CHARLESTON -- A family rights group wants to stop a same-sex couple from adopting a child they have kept in foster care since birth.
The state Supreme Court of Appeals is scheduled to hear the case March 11. It has been appealed from Fayette County Circuit Court.
The Family Policy Council of West Virginia filed an amicus curiae Jan. 20 that argues abused and neglected children should be placed "on a par with natural children."
The newborn baby girl's drug-addicted mother was found to be unfit in neglect and abuse proceedings in late 2007. The baby was placed under the care of the Department of Health and Human Resources, which put her in the foster care of Kathryn Kutil and Cheryl Hess.

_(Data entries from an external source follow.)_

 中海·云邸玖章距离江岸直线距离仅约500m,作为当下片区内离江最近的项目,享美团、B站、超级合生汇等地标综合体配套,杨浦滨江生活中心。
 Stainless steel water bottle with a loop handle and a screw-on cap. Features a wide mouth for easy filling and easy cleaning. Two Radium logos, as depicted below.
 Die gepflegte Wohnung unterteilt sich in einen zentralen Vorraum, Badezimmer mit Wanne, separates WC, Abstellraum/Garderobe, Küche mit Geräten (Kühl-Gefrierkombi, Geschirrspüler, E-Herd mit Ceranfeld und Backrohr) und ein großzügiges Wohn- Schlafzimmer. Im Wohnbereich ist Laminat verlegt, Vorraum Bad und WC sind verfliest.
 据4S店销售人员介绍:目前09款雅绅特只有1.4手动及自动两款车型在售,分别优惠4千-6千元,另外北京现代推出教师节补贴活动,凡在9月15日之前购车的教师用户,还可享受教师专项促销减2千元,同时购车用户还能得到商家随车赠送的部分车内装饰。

A hearing Oct. 8, 2008, found the birth mother was still unfit.
An adoption plan forwarded by the DHHR suggested both Kutil and Hess, as an unmarried cohabiting couple, would be preferred as adoptive parents.
That is contrary to state code, which allows for adoption by a married couple or a single person, according to a brief submitted by Thomas K. Fast, an attorney representing the child in this litigation.

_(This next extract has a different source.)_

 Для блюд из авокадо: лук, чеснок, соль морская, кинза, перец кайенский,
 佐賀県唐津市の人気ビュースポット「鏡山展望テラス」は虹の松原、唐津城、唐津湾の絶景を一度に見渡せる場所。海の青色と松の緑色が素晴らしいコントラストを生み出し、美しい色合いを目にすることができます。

Kutil and Hess are challenging Fayette County Circuit Court Judge Paul M. Blake Jr.'s decision that there were too many children in their home and that unmarried couples may not adopt children under West Virginia law.

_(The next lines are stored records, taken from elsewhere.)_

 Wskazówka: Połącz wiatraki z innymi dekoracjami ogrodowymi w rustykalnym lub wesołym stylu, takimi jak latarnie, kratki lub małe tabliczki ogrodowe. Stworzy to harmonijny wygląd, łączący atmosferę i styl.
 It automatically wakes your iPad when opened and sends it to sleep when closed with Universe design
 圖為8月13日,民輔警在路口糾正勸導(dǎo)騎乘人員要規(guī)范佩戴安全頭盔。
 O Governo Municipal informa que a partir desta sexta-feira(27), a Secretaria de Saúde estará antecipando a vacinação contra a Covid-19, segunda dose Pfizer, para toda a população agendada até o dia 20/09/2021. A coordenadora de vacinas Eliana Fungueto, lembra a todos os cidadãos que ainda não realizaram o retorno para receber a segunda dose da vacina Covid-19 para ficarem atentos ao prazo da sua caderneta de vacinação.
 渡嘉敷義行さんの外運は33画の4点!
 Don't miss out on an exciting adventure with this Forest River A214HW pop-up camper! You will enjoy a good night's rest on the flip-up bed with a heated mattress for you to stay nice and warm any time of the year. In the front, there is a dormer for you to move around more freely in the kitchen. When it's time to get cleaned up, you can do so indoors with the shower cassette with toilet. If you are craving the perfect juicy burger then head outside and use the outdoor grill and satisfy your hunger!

The home included seven children, one over the limit for a foster home, according to the defendant's brief.
"There's no legitimate reason to invent exceptions to this law," said Alliance Defense Fund senior legal counsel Brian Raum. That group works in tandum with the Family Policy Council on legal and public policy issues.
The Family Policy Council advocates public policy that continues the tradition of married mother-father adoption.
According to Jeremiah Dys, president and general counsel for the group, the group agrees with both sides' experts that the "ideal situation is to put the child in a home with a mom and a dad."
The nonprofit Family Policy Council is part of a network of 40 similar, unaffiliated family rights groups nationwide. The statewide group was founded as the West Virginia Values Coalition in 2005, and has operated under its new name for about a year.